Light is typically reflected through several plastic layers that serve the purpose of making light distribution homogeneous. These light diffuser layers will sit between the LEDs and the LCD panel, meaning that the complete backlight unit takes up a considerable amount of space, making the TV thicker.
To control light intensity for each of the basic colors, LCDs use liquid crystals inside each pixel. These crystals can be rotated in the cell by manipulating an electrical field, making it possible to adjust the light throughput. Once the light intensity of a basic color has been adjusted to its desired level, it passes through a color filter that filters out all wavelengths except red, green or blue.
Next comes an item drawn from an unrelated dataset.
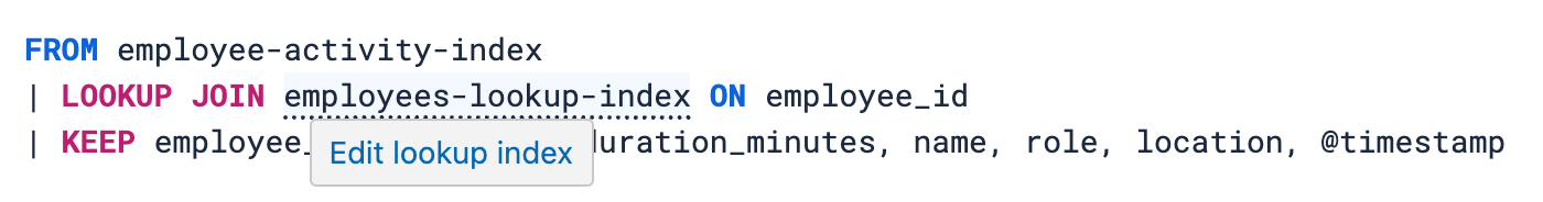 Intuitiver Workflow: Die umfassende Autovervollständigung von Discover führt Sie durch den Prozess, schlägt Suchindizes und Join-Felder im ES|QL-Editor vor und macht es unglaublich einfach, Ihre hochgeladenen Daten mit vorhandenen Indizes zu verbinden. Geben Sie den Namen eines Lookup-Index ein, der nicht existiert, und erhalten Sie mit einem Klick direkten Zugriff auf den Lookup-Editor, um den Index zu erstellen. Geben Sie den Namen eines bestehenden Nachschlageindex ein, und wir schlagen eine Option zur Bearbeitung vor: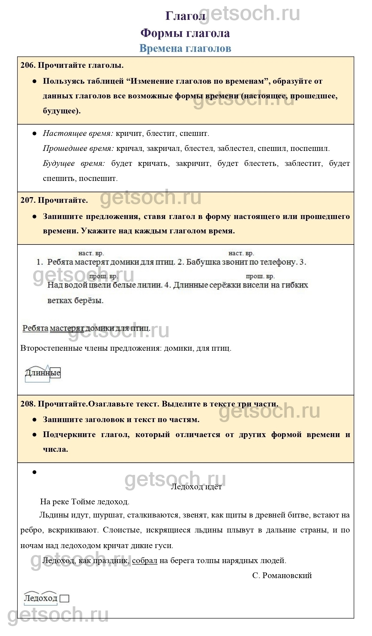 206. Прочитайте глаголы.

If you move close to the screen you can see these red, green and blue sub pixels that in pairs of three make up one pixel.
How fast an LCD panel can change color depends on how fast the liquid crystals can move into a new position. This determines the amount of blur/trailing you see in the picture. Ideally, you want the liquid crystals to assume the new position (color) instantaneously. However, that is not possible and it usually takes the liquid crystals a little time (measured in milliseconds) to do so, meaning that blurring/trailing can occur.
When light passes through the liquid crystals light intensity can no longer be sustained in all directions. If you think about an incandescent bulb it can emit equal amounts of light in all directions (it is called a Lambertian emitter) but in an LCD display the use of liquid crystals means that the panel will emit most of the light directly forward. Or in other words; light and color intensity will look strongest, and purest, only right in front of the screen. This phenomenon is important in order to understand the concept of “viewing angles”.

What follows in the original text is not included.